Required action
Look at the data below and print exactly the lines from its first line through the line with "- Record your"; the pictures stay out of the copy.

Given information
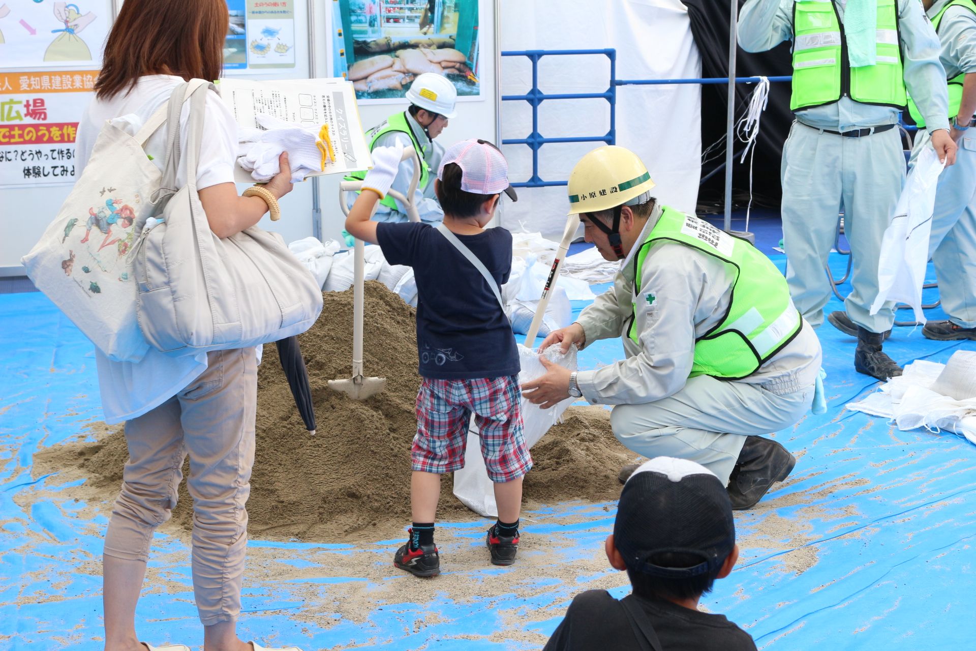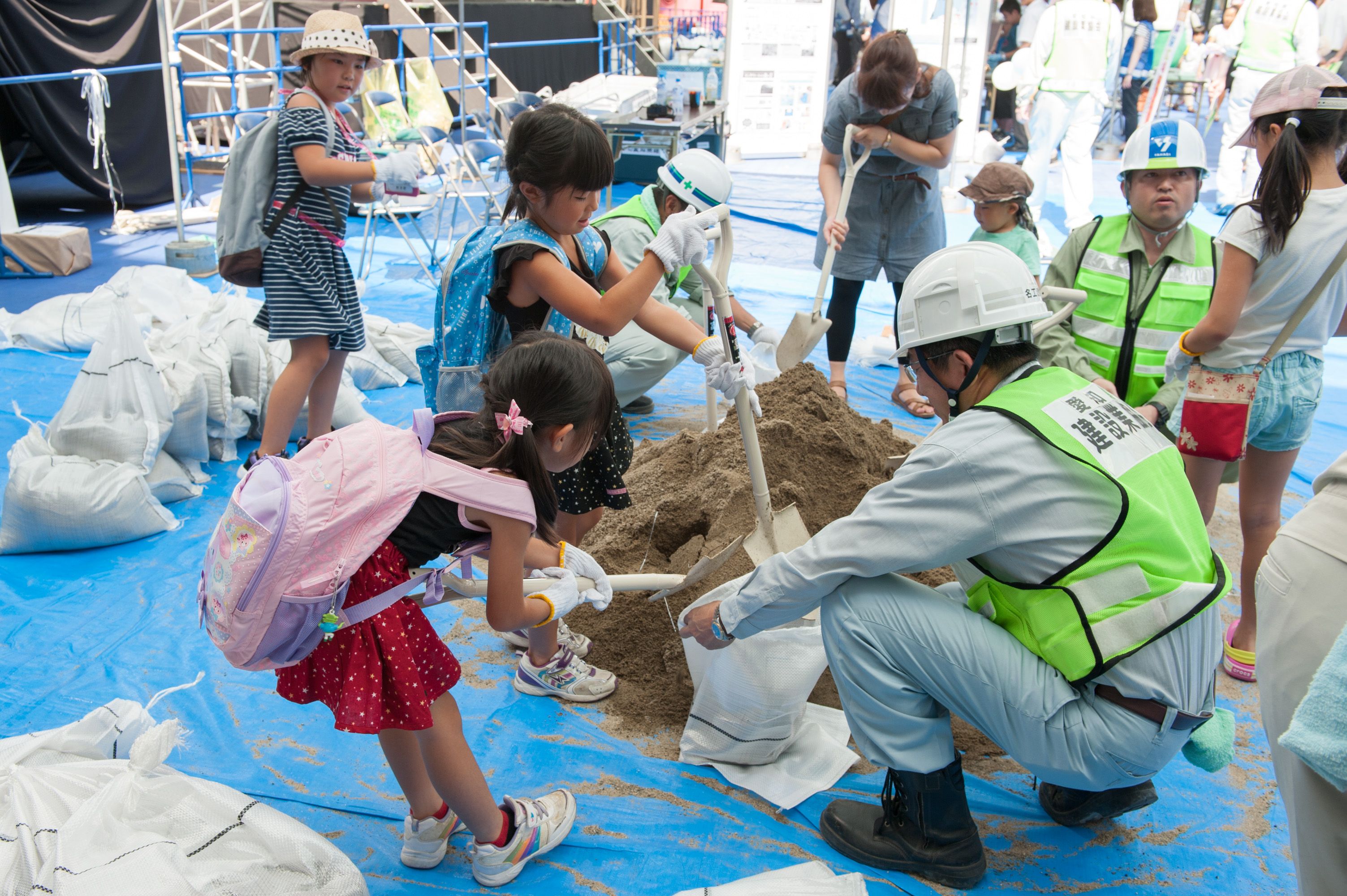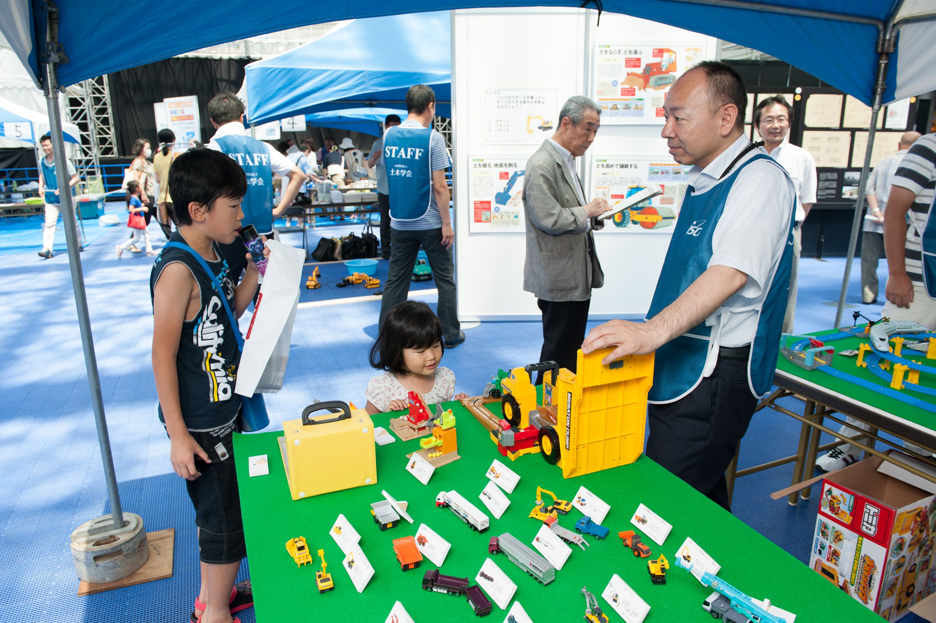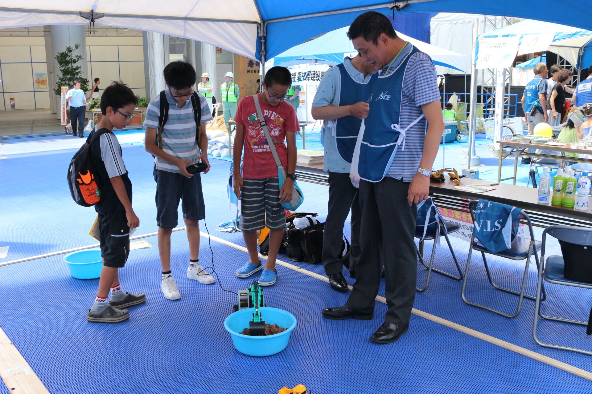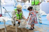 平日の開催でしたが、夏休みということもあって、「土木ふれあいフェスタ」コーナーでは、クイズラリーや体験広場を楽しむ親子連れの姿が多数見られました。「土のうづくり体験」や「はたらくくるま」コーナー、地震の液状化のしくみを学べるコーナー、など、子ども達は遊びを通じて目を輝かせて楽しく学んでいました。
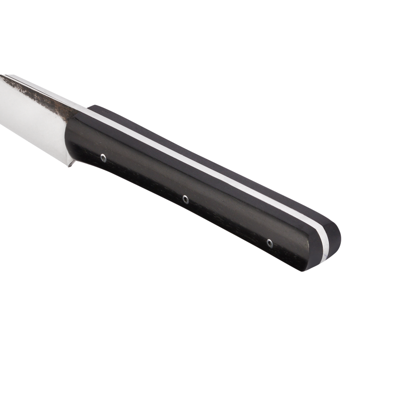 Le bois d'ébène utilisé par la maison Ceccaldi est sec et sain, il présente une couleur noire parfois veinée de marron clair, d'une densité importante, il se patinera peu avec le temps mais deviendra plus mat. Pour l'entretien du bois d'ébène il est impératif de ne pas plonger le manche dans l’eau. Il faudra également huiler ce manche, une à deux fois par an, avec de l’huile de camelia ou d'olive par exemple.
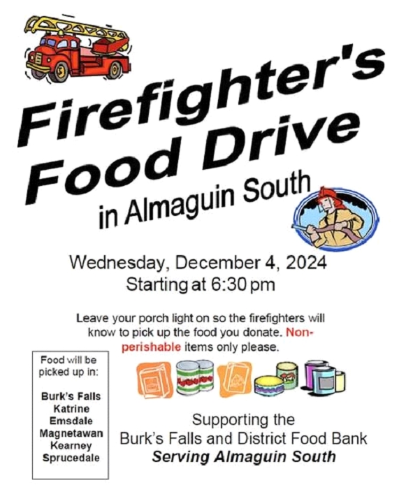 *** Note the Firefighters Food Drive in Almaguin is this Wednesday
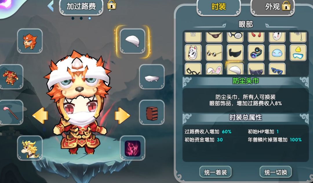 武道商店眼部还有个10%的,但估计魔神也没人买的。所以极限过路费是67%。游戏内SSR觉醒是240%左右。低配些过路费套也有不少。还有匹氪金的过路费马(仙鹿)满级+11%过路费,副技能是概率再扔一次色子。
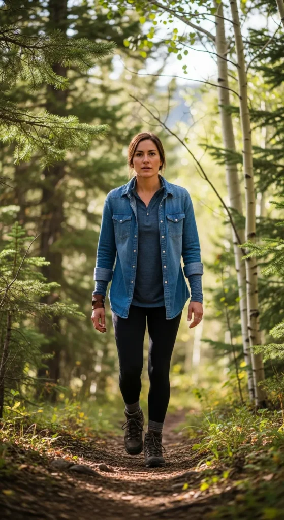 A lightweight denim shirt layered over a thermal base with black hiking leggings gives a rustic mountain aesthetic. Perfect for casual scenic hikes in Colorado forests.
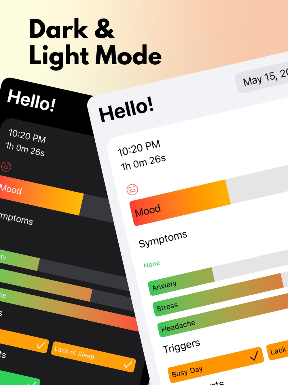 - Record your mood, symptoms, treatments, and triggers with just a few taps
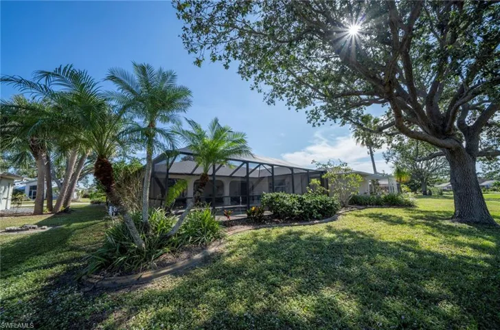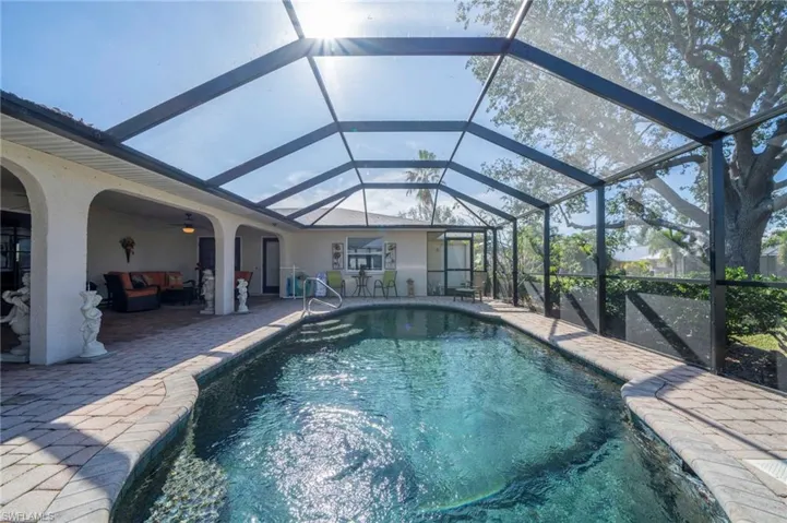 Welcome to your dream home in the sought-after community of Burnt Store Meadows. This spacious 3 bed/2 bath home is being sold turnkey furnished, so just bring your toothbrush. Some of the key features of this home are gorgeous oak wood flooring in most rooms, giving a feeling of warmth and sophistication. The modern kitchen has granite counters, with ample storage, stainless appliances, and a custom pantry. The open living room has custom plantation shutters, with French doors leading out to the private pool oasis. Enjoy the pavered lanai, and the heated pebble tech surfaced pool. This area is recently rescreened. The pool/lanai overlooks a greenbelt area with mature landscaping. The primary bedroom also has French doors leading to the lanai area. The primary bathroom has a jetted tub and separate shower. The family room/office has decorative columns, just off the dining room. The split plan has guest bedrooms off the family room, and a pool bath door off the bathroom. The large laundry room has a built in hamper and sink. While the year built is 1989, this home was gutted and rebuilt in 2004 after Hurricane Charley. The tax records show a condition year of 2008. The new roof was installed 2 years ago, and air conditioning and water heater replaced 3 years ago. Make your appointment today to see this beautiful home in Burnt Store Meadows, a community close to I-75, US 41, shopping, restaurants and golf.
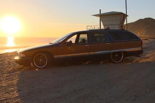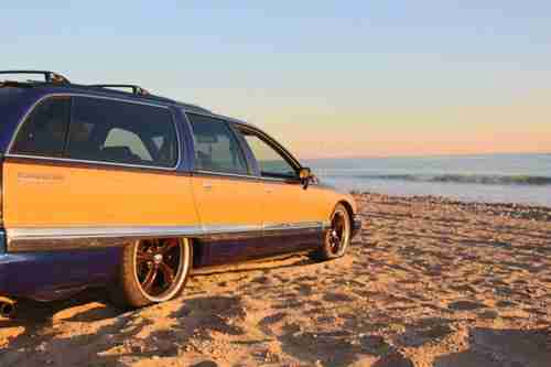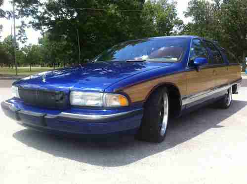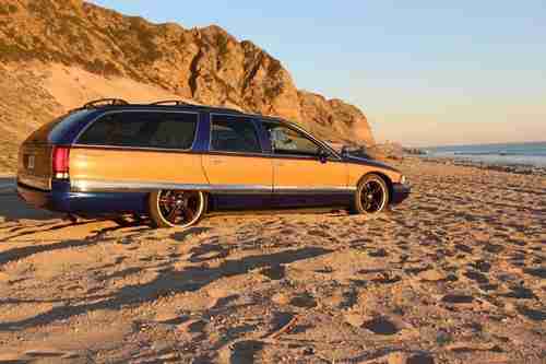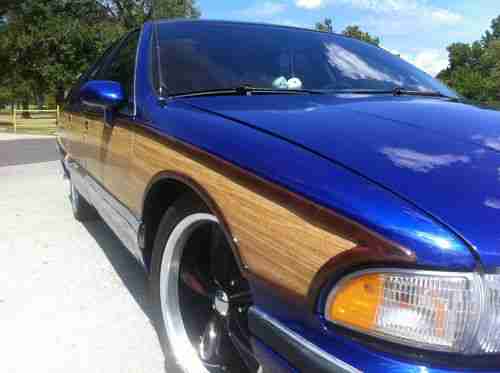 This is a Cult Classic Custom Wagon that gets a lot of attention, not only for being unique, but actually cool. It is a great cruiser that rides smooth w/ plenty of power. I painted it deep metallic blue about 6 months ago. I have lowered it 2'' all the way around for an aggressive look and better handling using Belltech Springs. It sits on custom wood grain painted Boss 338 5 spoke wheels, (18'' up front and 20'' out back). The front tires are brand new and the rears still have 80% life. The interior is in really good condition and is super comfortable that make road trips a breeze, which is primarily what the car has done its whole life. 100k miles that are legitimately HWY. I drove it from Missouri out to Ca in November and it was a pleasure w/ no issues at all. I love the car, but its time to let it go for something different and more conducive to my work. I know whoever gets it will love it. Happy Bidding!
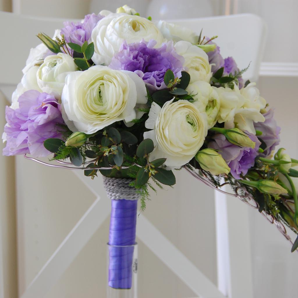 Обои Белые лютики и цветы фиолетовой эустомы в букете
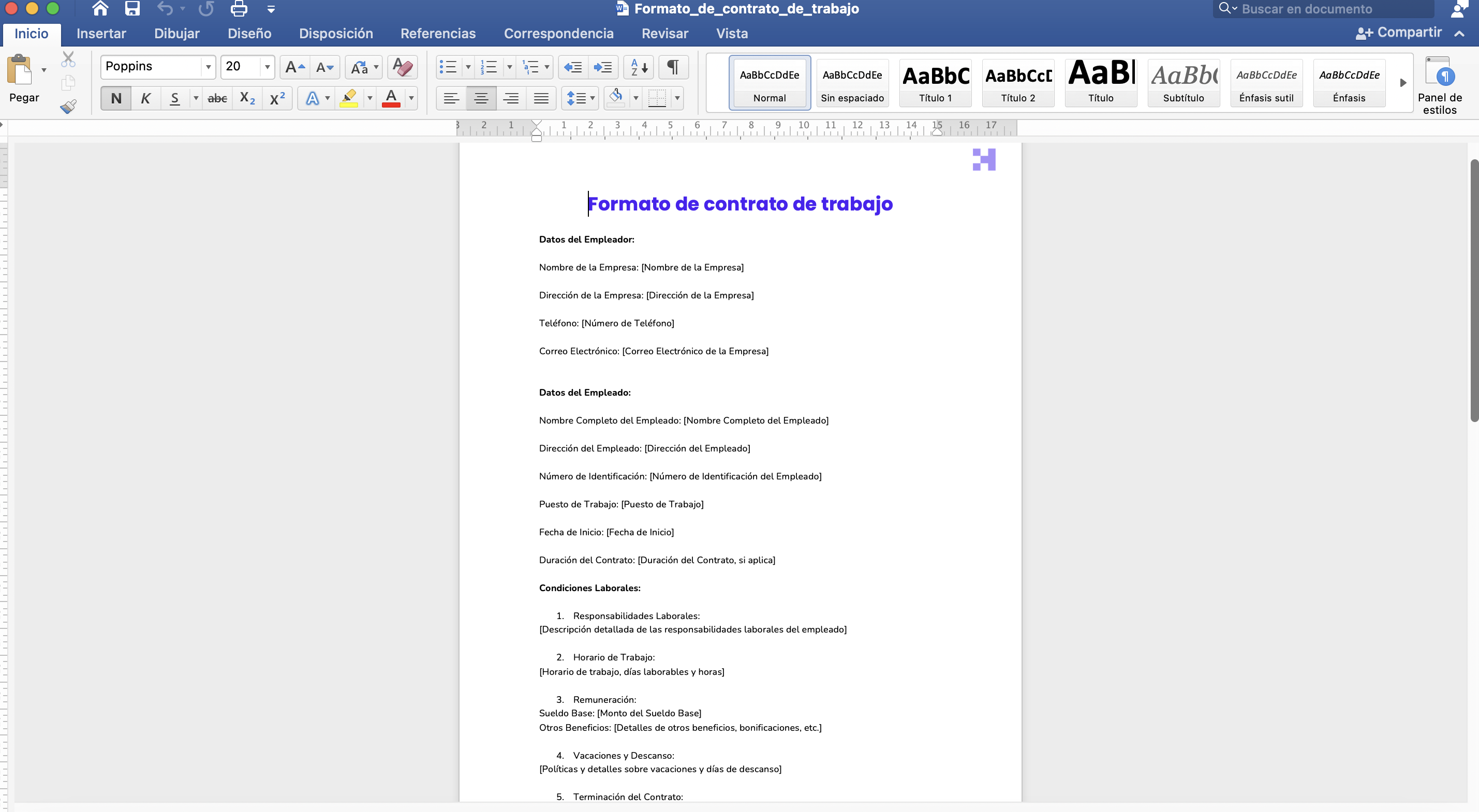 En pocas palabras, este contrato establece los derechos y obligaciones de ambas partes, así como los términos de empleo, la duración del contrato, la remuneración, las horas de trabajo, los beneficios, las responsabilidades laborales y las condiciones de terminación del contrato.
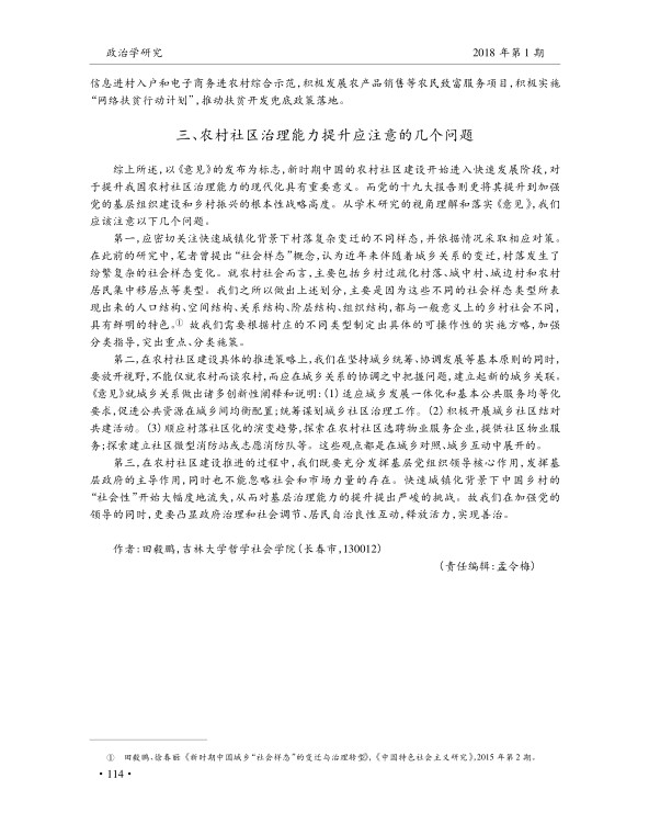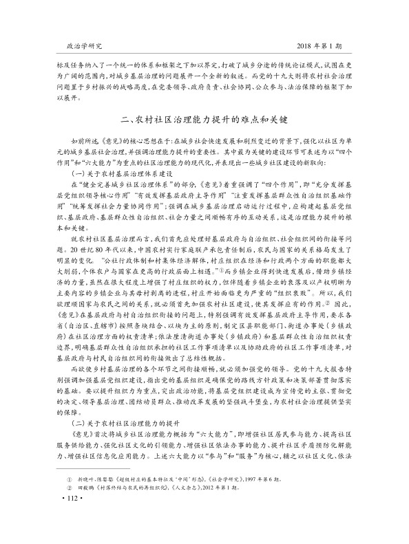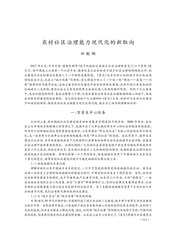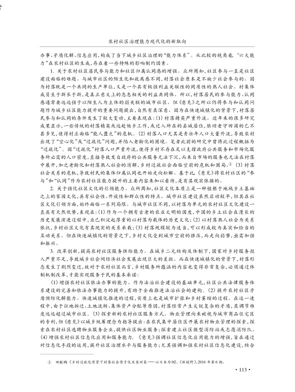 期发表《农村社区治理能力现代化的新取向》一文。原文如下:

Exercise response
 平日の開催でしたが、夏休みということもあって、「土木ふれあいフェスタ」コーナーでは、クイズラリーや体験広場を楽しむ親子連れの姿が多数見られました。「土のうづくり体験」や「はたらくくるま」コーナー、地震の液状化のしくみを学べるコーナー、など、子ども達は遊びを通じて目を輝かせて楽しく学んでいました。
 Le bois d'ébène utilisé par la maison Ceccaldi est sec et sain, il présente une couleur noire parfois veinée de marron clair, d'une densité importante, il se patinera peu avec le temps mais deviendra plus mat. Pour l'entretien du bois d'ébène il est impératif de ne pas plonger le manche dans l’eau. Il faudra également huiler ce manche, une à deux fois par an, avec de l’huile de camelia ou d'olive par exemple.
 *** Note the Firefighters Food Drive in Almaguin is this Wednesday
 武道商店眼部还有个10%的,但估计魔神也没人买的。所以极限过路费是67%。游戏内SSR觉醒是240%左右。低配些过路费套也有不少。还有匹氪金的过路费马(仙鹿)满级+11%过路费,副技能是概率再扔一次色子。
 A lightweight denim shirt layered over a thermal base with black hiking leggings gives a rustic mountain aesthetic. Perfect for casual scenic hikes in Colorado forests.
 - Record your mood, symptoms, treatments, and triggers with just a few taps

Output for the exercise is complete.